日経新聞がFRB議長人事予測記事で大誤報か
8月4日付の本ブログ記事
「金融市場を読み解く鍵は米経済とFRB議長人事」
http://uekusak.cocolog-nifty.com/blog/2013/08/post-4bcb.html
ならびにメルマガ第630号記事
「イエレン副議長が次期FRB議長最適任者」
に、FRB議長人事について既述した。
私は次期FRB議長にはローレンス・サマーズ氏よりもジャネット・イエレン氏が適任であり、最終的にそう決定される可能性が高いと記述した。
金融市場では、サマーズ氏のFRB議長就任の可能性が高いとしてきた。
9月14日付の日本経済新聞は1面で、
「FRB議長サマーズ氏」
の見出しでサマーズ氏がFRB議長に選任されるとの見通しを記述した。
ところが、その直後に、サマーズ氏自身がFRB議長候補から辞退する意向をオバマ大統領に電話で伝えたことが報じられた。
経済を専門とする日本経済新聞の事実上の「誤報」が明瞭になりつつある。
FRB議長について、正確な情報を提供することは、経済専門誌を標榜する日本経済新聞のレゾンデートル=存在意義である。
そのFRB議長人事報道で「誤報」を流してしまうことは、日本経済新聞にとっては致命的な失態である。
責任者の更迭は免れないだろう。
日本経済新聞は国内の金融関連報道などでスクープを記録することがあるが、これらのほとんどは、インサイダー的な情報の入手によるものである。
金融関係の閣僚などと癒着してインサイダー的な情報を入手してこれをスクープ記事としてきたことが多い。
公務員の守秘義務違反、公務員の収賄事案と背中合わせの不正な情報のやり取りがこうしたスクープ報道の裏側に存在する。
米国の場合にはこのようなインサイダー的な情報の入手が困難であると考えられるから、本来の取材力が問われるが、そうなると、今回のような誤報を流してしまうというのが、日本経済新聞の実力なのだろう。
オバマ大統領は声明を発表し、サマーズ氏の決断を受け入れたことを明らかにしたと報じられている。
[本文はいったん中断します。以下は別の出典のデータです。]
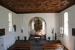 Der Hochaltar aus 1655 mit einem renaissanceartigen Aufbau mit zwei geraden weinlaubverzierten Säulen und geradem gekröpftem Gebälk hat seitliche Standflügel und einen flachen Auszug mit C-Schnörkeln, er zeigt das Altarbild Mariä Krönung um 1660 und trägt die Figuren der Heiligen Jakobus links, Rochus rechts, das Oberbild hl. Arbogast erweckt den toten Prinzen in Anwesenheit von König Dagobert, der Auszug trägt die Figuren der Heiligen Eligius links und Georg rechts, mittig Anna selbdritt, alle um 1670.

サマーズ氏はハーバード大学長時代に、女性蔑視発言により学長辞任に追い込まれた。
また、ウォール・ストリート金融機関との深すぎる関係も批判の対象とされてきた。
FRB元副議長を務めたプリンストン大学のアラン・ブラインダー教授は、サマーズ氏ではなくイエレン氏のFRB議長が望ましいことを訴えてきた。
私はかつてブラインダー氏と頻繁に接触していた。
また、サマーズ氏、イエレン氏の両氏にも面識がある。
8月4日付記事に記述したように、私もブラインダー氏と同様に、次期FRB議長にはイエレン氏の就任が望ましいことを主張してきた。
FRB議長に求められる資質と各候補者の持つ資質を比較検討する場合、イエレン氏がFRB議長に就任することがもっとも適切であると私は判断する。
サマーズ氏がFRB議長候補であることを辞退したが、オバマ大統領が誰を次期FRB議長に指名するかは、現段階で明らかでない。
しかし、依然としてイエレン氏は有力なFRB議長候補の一人である。
私が提示するFRB議長に必要な資質は次の三つである。
第一は、経済・金融情勢を正しく洞察する鑑識眼
第二は、経済金融情勢判断に基づいて正しい政策対応を判断できる政策対応能力
第三は、その判断をFRB内部でまとめ、議会を納得させ、国民に理解させる調整能力と説明能力
この三つを備えることが、FRB議長に求められる資質である。
幸いなことに、グリーンスパン氏とバーナンキ氏は、この三つの基準を満たす稀有の人材であった。
かつてFRB副議長を務めたブラインダー氏もこの三つを兼ね備えている稀有の人材である。
ブラインダー氏はFRB議長就任を目指したが、FRB議長に就任するための政治的な駆け引きを実行しなかった。そのためにブラインダー氏はFRB議長に就任することなくFRB副議長を退任した。
FRB議長に就任するには、この意味での「意志」も必要になる。
サマーズ氏がFRB議長候補であることを辞退したことは、オバマ政権にとって幸いすると思われる。
オバマ氏が誰をFRB議長に指名するか、現段階では明確でないが、サマーズ氏の事態により、イエレン氏がFRB議長に指名される可能性は高まった。それでも、コーン前FRB副議長が指名される可能性は残っている。
現段階で確実な状況ではないが、結果として、イエレン氏がFRB議長に就任することになれば、これが、オバマ政権にとっての最善の選択になる。
FRB内部をまとめて、最適な金融政策運営を実現することが最重要の課題であり、この課題に鑑みれば、イエレン氏をFRB議長に指名することが最適であると考えられるからである。